● **What the task asks**
Give back every entry exactly; drop the pictures.

[Stored data entries]

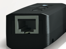
SUSHI-RJ DMX output using RJ45 connector
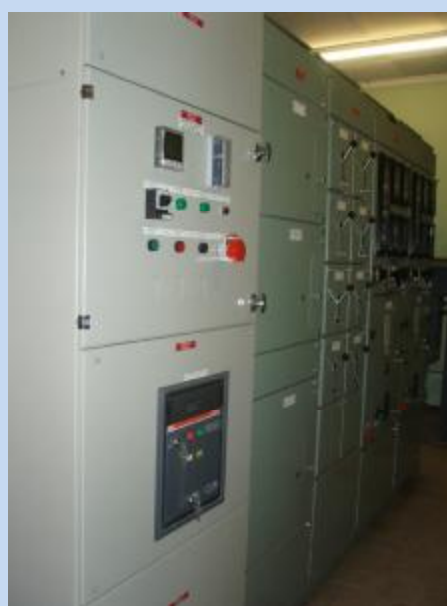
Ok, so it's the Wrong Colour... The existing MVAC switchboard built in 1978 extended with the new generator supply panel (they asked for the colour by the way...)

The overall design and build project package comprised the installation of the new Generator extension panel, trenching, ducting and re-surfacing of cable routes, the reconfiguration and extensive re-cabling of the existing generator changeover scheme, the removal of an old generating set, the replacement of an existing LV essential services switchboard and the re-cabling of the overall LV scheme to ensure the Generator supply covered all the 'essential' and 'non-essential' circuits.
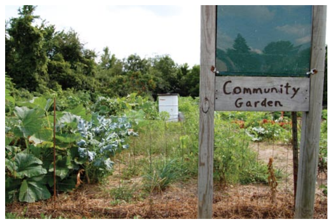
Arbor Covenant's community garden not only provides nutritious food, it brings people together.

Despite its small size, the church is a hub of continuous activity. Generous stewards of their facility, Arbor shares their building with a community daycare on weekdays, and with an African American fellowship—Vessels of Praise Apostolic Church—on Sundays. Even the church's yard is put to use as a community garden. About a third of the plots are used by church members, Jim explained, and the rest
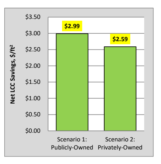
Figure 2. Overall Net Life-Cycle Cost Savings
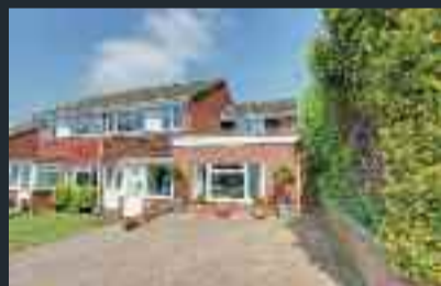
Nestled amongst ancient woodland in a 3/4 of an acre plot, four double beds, three bathrooms, three receptions, fabulous open plan kitchen/breakfast room, barn, double garage CHELSHAM COMMON £1,174,950
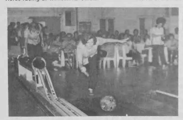
International Bowling at Esso Club
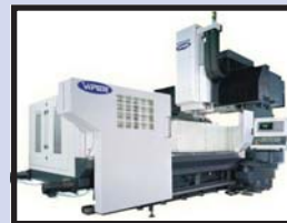
"New" MIGHTY VIPER BRIDGE MILLS - Sizes from 81"x60", 120"x60", 120"x80" and Bigger. Stock Specials
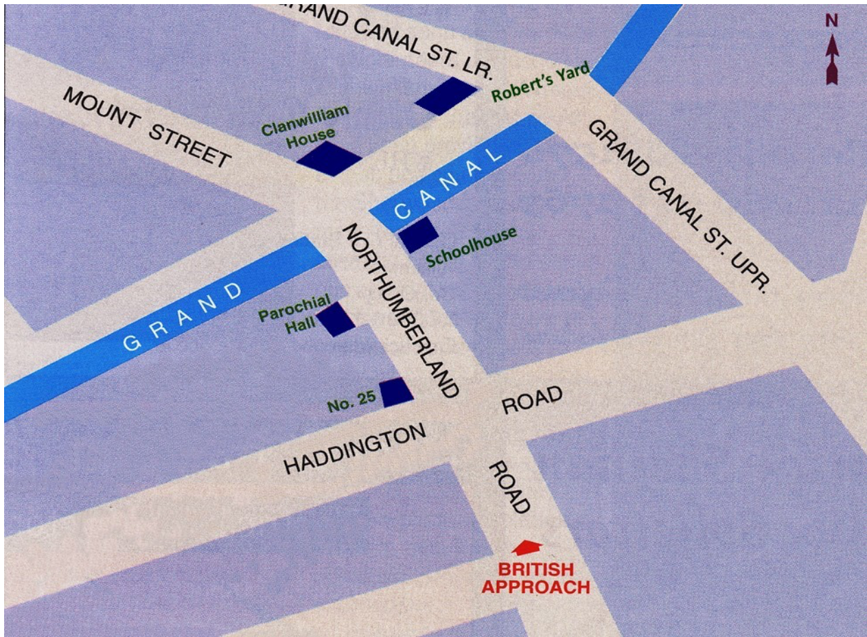
Figure 2. Locations of Volunteer outposts in the Mount Street Bridge area

By Wednesday, two men, including Malone, had occupied 25 Northumberland Road, which is at the junction of Haddington Road and 200 metres southwards from the bridge; four occupied the Parochial Hall, which is on the west side of Northumberland Road and 100 metres southwards from the bridge; seven occupied Clanwilliam House, on the northern side of the bridge 50 . This force was supported on its left flank by four riflemen positioned in a builder's yard 100 metres east of the bridge on the north bank of the Grand Canal. 51 Throughout the operation the builder's yard position remained under the control of the commander of C Company, who was located with battalion headquarters fifty metres to its north. This resulted in a somewhat unusual command structure in that the officer in charge of the operation did not exercise control over all the troops intimately involved in defending the bridge. The Volunteers manning the builder's yard position were
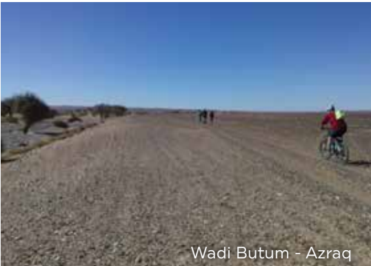
Wadi Butum - Azraq
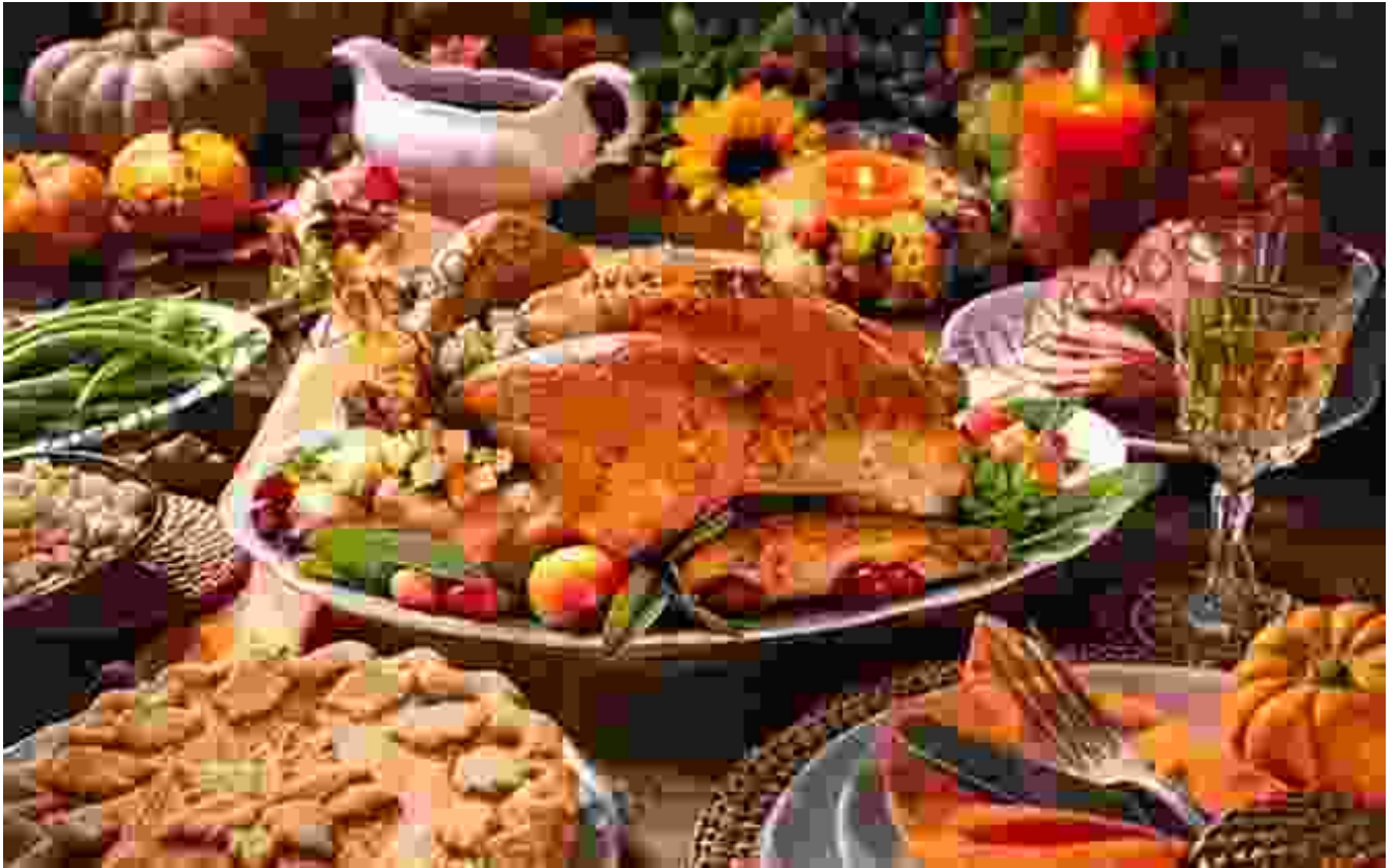
A traditional Thanksgiving feast, complete with turkey, stuffing, mashed potatoes, and pumpkin pie
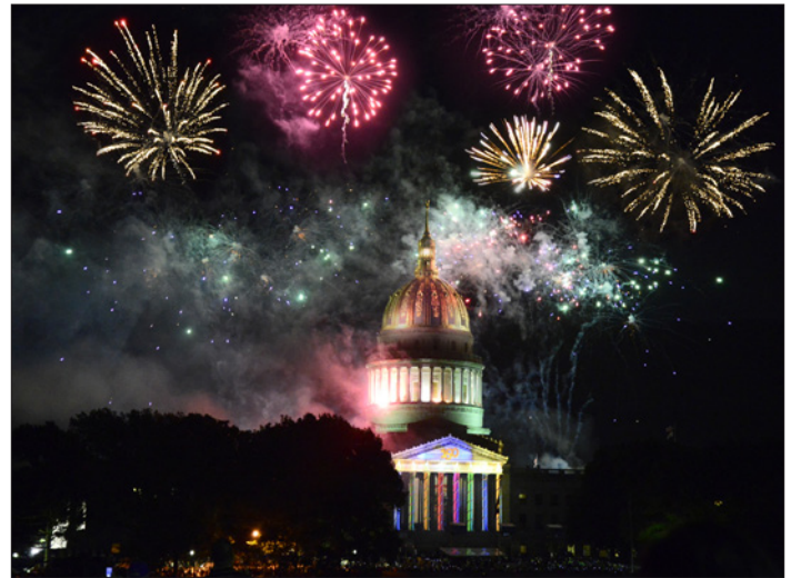
MARTIN VALENT WEST VIRGINIA LEGISLATURE

● **Result for this task**
SUSHI-RJ DMX output using RJ45 connector
Ok, so it's the Wrong Colour... The existing MVAC switchboard built in 1978 extended with the new generator supply panel (they asked for the colour by the way...)

The overall design and build project package comprised the installation of the new Generator extension panel, trenching, ducting and re-surfacing of cable routes, the reconfiguration and extensive re-cabling of the existing generator changeover scheme, the removal of an old generating set, the replacement of an existing LV essential services switchboard and the re-cabling of the overall LV scheme to ensure the Generator supply covered all the 'essential' and 'non-essential' circuits.
Arbor Covenant's community garden not only provides nutritious food, it brings people together.

Despite its small size, the church is a hub of continuous activity. Generous stewards of their facility, Arbor shares their building with a community daycare on weekdays, and with an African American fellowship—Vessels of Praise Apostolic Church—on Sundays. Even the church's yard is put to use as a community garden. About a third of the plots are used by church members, Jim explained, and the rest
Figure 2. Overall Net Life-Cycle Cost Savings
Nestled amongst ancient woodland in a 3/4 of an acre plot, four double beds, three bathrooms, three receptions, fabulous open plan kitchen/breakfast room, barn, double garage CHELSHAM COMMON £1,174,950
International Bowling at Esso Club
"New" MIGHTY VIPER BRIDGE MILLS - Sizes from 81"x60", 120"x60", 120"x80" and Bigger. Stock Specials
Figure 2. Locations of Volunteer outposts in the Mount Street Bridge area

By Wednesday, two men, including Malone, had occupied 25 Northumberland Road, which is at the junction of Haddington Road and 200 metres southwards from the bridge; four occupied the Parochial Hall, which is on the west side of Northumberland Road and 100 metres southwards from the bridge; seven occupied Clanwilliam House, on the northern side of the bridge 50 . This force was supported on its left flank by four riflemen positioned in a builder's yard 100 metres east of the bridge on the north bank of the Grand Canal. 51 Throughout the operation the builder's yard position remained under the control of the commander of C Company, who was located with battalion headquarters fifty metres to its north. This resulted in a somewhat unusual command structure in that the officer in charge of the operation did not exercise control over all the troops intimately involved in defending the bridge. The Volunteers manning the builder's yard position were
Wadi Butum - Azraq
A traditional Thanksgiving feast, complete with turkey, stuffing, mashed potatoes, and pumpkin pie
MARTIN VALENT WEST VIRGINIA LEGISLATURE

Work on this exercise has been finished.